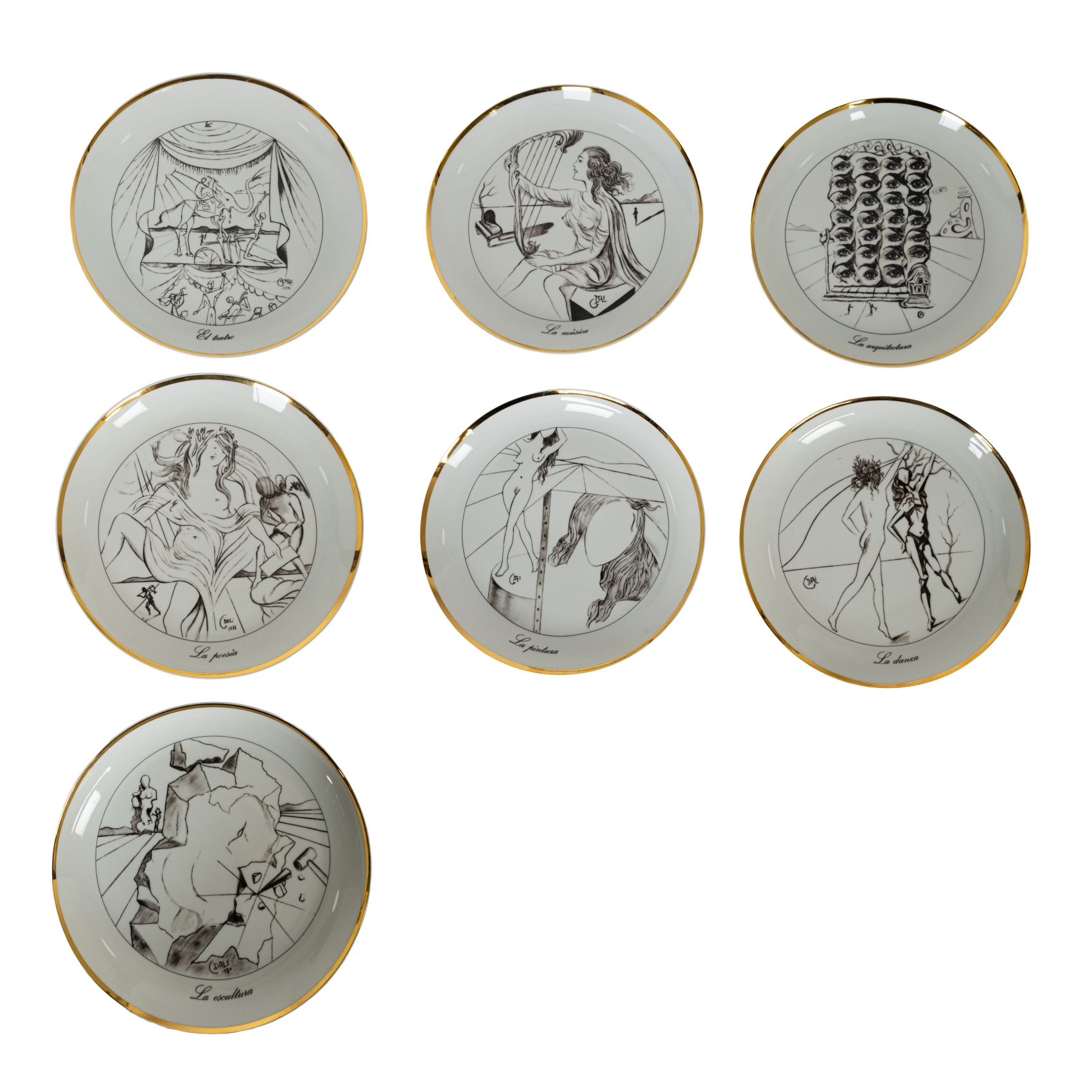 Juego de los siete platos en porcelana de Bidasoa esmaltada con estampaciones de las alegorías a la Música, la Arquitectura, la Pintura, la Danza, la Escultura, la Poesía y el Teatro. Tiraje de 5000 ejemplares. Presentan certificado de autenticidad estampado al dorso.
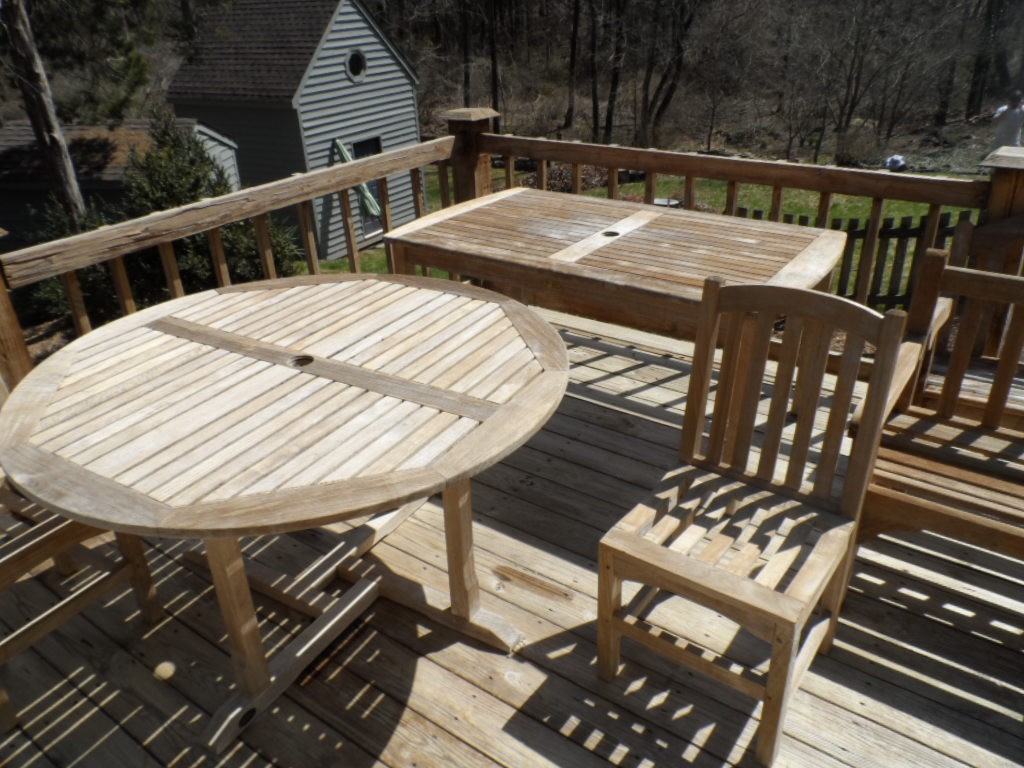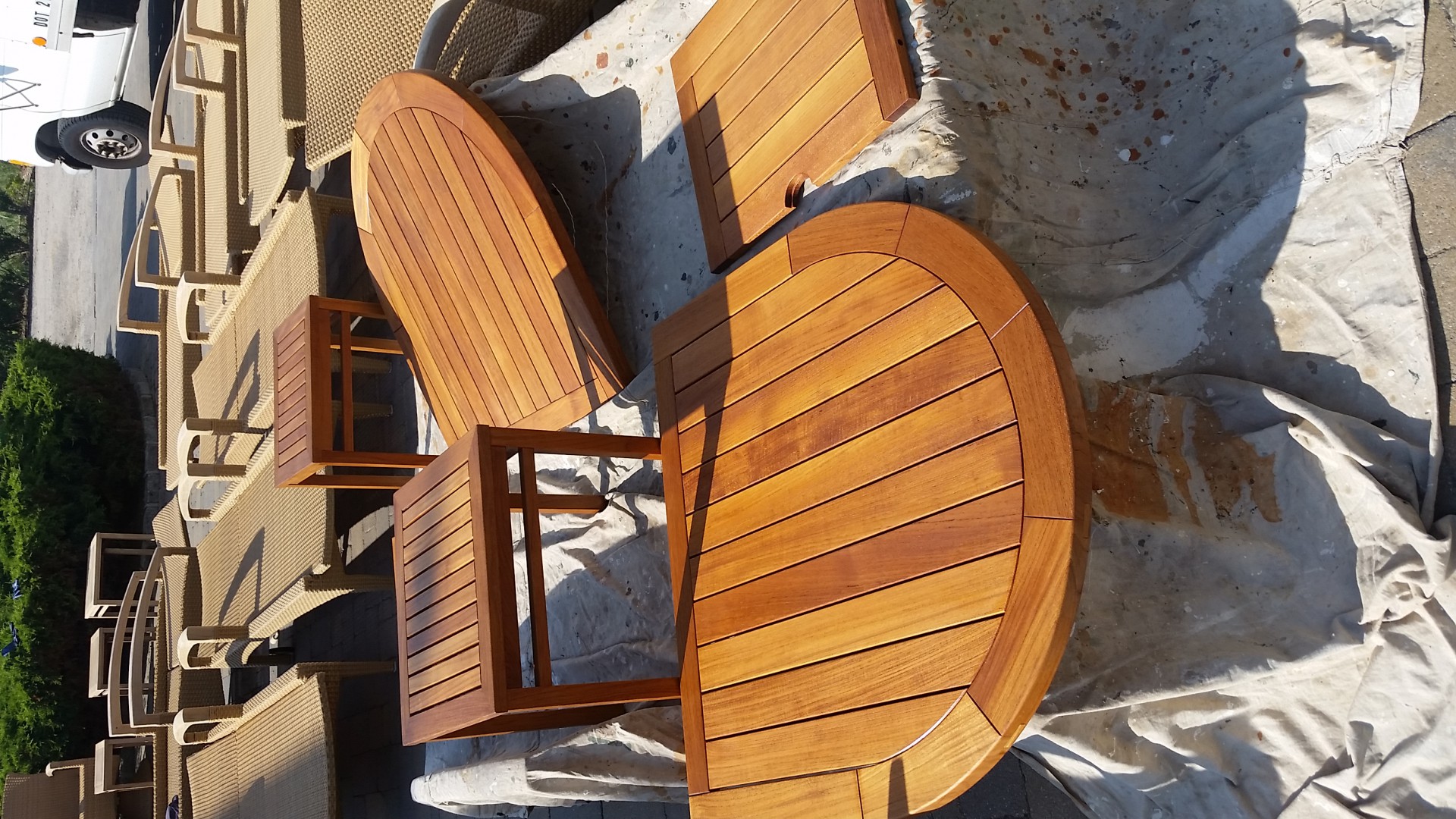 I loved the look on customer's faces when you restore hardwood furniture. Make the wife happy and they will call you year after year comes spring. These are pics from past summer in Hamptons. She was about to purchase a new set. Took 2 of us 2 hrs prep, 2 hrs finish coat. (low pressure PW, brightener, Messemers exotic hardwood oil). Don't remember how many pieces but it was a LOT! The GC told me it was over $25k.
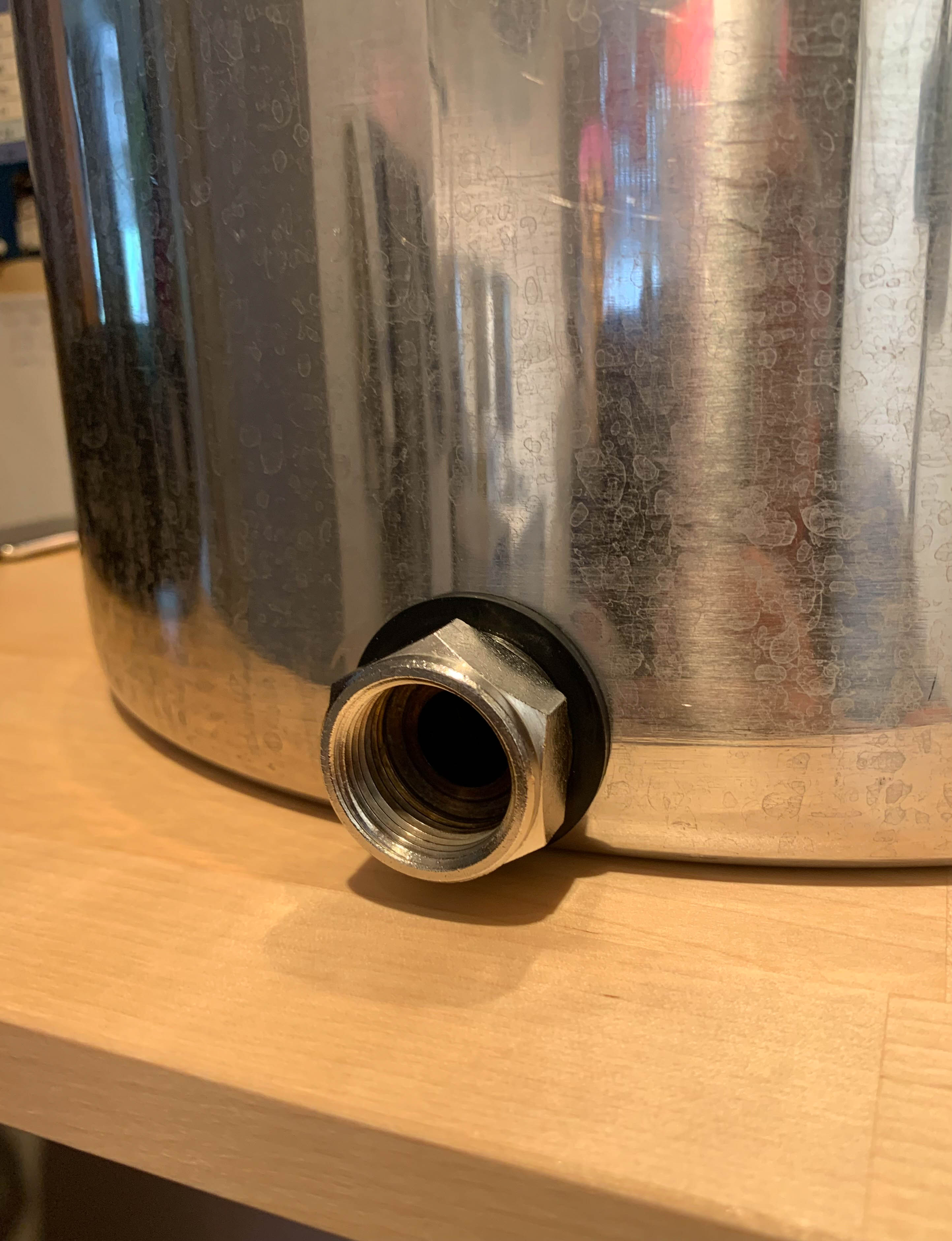 Die Hähne werden an Edelstahlkochtöpfe geschraubt, die ich zum Gären und Läutern verwende.
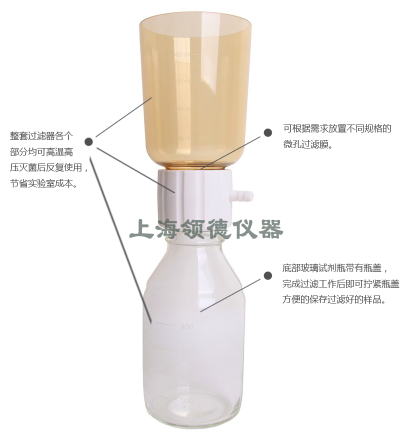 同时该款瓶顶过滤器可以在121度高温高压灭菌后反复使用,更加节省了实验室的成本。
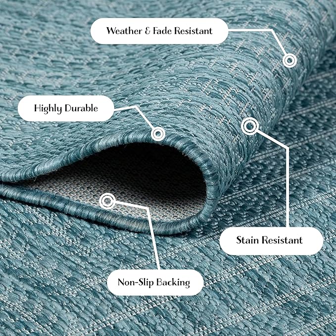 Adiva Rugs Outdoor Indoor Area Rug, Weather Resistant, Easy to Clean, Stain Resistant Floor Mat for Dining Room, Backyard, Deck, Patio (Aqua Weiss, 2'6" x 7')
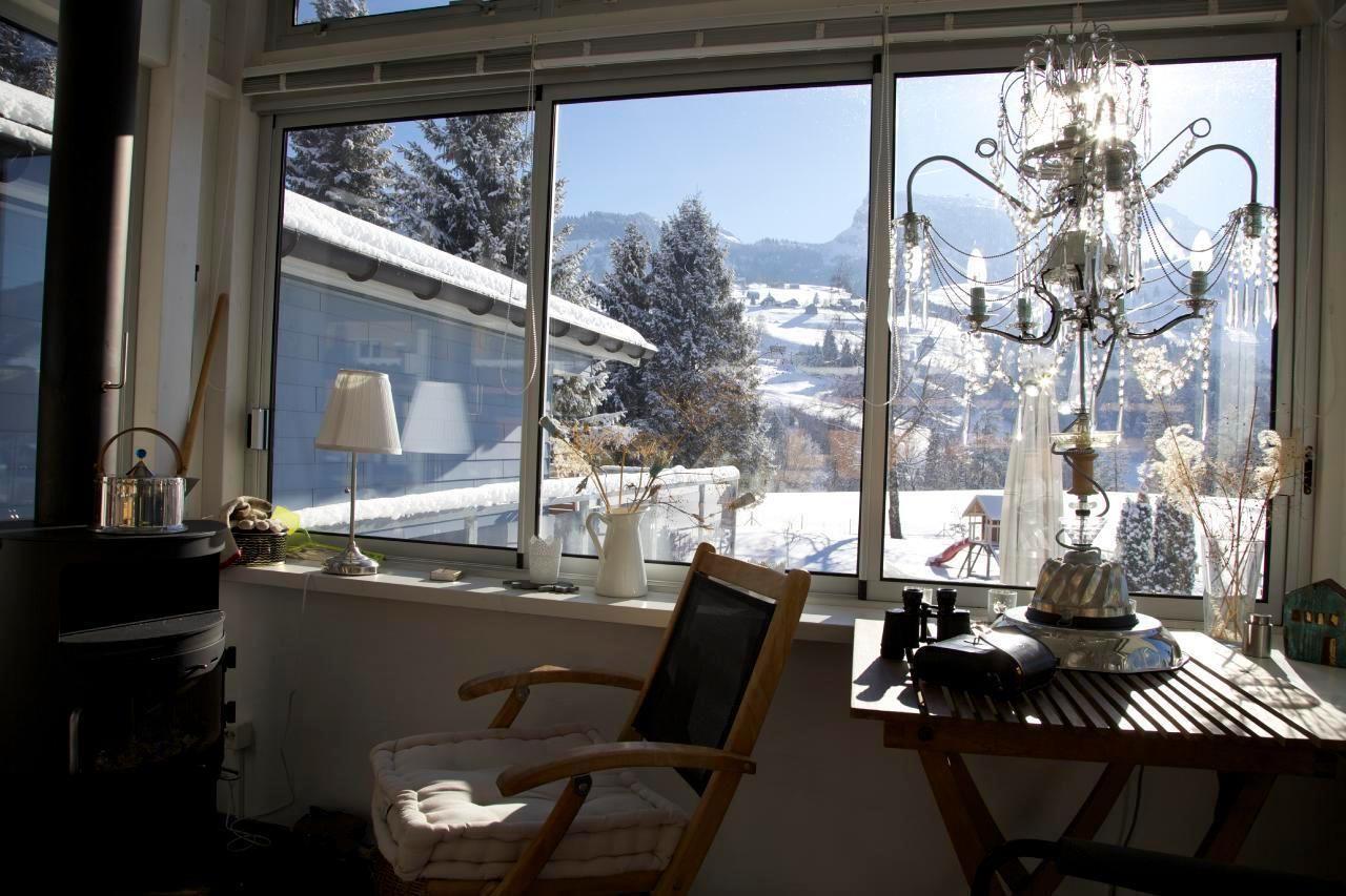 The house has a large conservatory, which becomes a cosy retreat even during the colder seasons thanks to a Swedish stove, from where you have an unobstructed, fantastic view of the magnificent mountain world of the 7 Churfirsten.

Problem statement: All of the lines above should be retyped precisely, apart from the pictures.

Expected answer:
 Juego de los siete platos en porcelana de Bidasoa esmaltada con estampaciones de las alegorías a la Música, la Arquitectura, la Pintura, la Danza, la Escultura, la Poesía y el Teatro. Tiraje de 5000 ejemplares. Presentan certificado de autenticidad estampado al dorso.
 I loved the look on customer's faces when you restore hardwood furniture. Make the wife happy and they will call you year after year comes spring. These are pics from past summer in Hamptons. She was about to purchase a new set. Took 2 of us 2 hrs prep, 2 hrs finish coat. (low pressure PW, brightener, Messemers exotic hardwood oil). Don't remember how many pieces but it was a LOT! The GC told me it was over $25k.
 Die Hähne werden an Edelstahlkochtöpfe geschraubt, die ich zum Gären und Läutern verwende.
 同时该款瓶顶过滤器可以在121度高温高压灭菌后反复使用,更加节省了实验室的成本。
 Adiva Rugs Outdoor Indoor Area Rug, Weather Resistant, Easy to Clean, Stain Resistant Floor Mat for Dining Room, Backyard, Deck, Patio (Aqua Weiss, 2'6" x 7')
 The house has a large conservatory, which becomes a cosy retreat even during the colder seasons thanks to a Swedish stove, from where you have an unobstructed, fantastic view of the magnificent mountain world of the 7 Churfirsten.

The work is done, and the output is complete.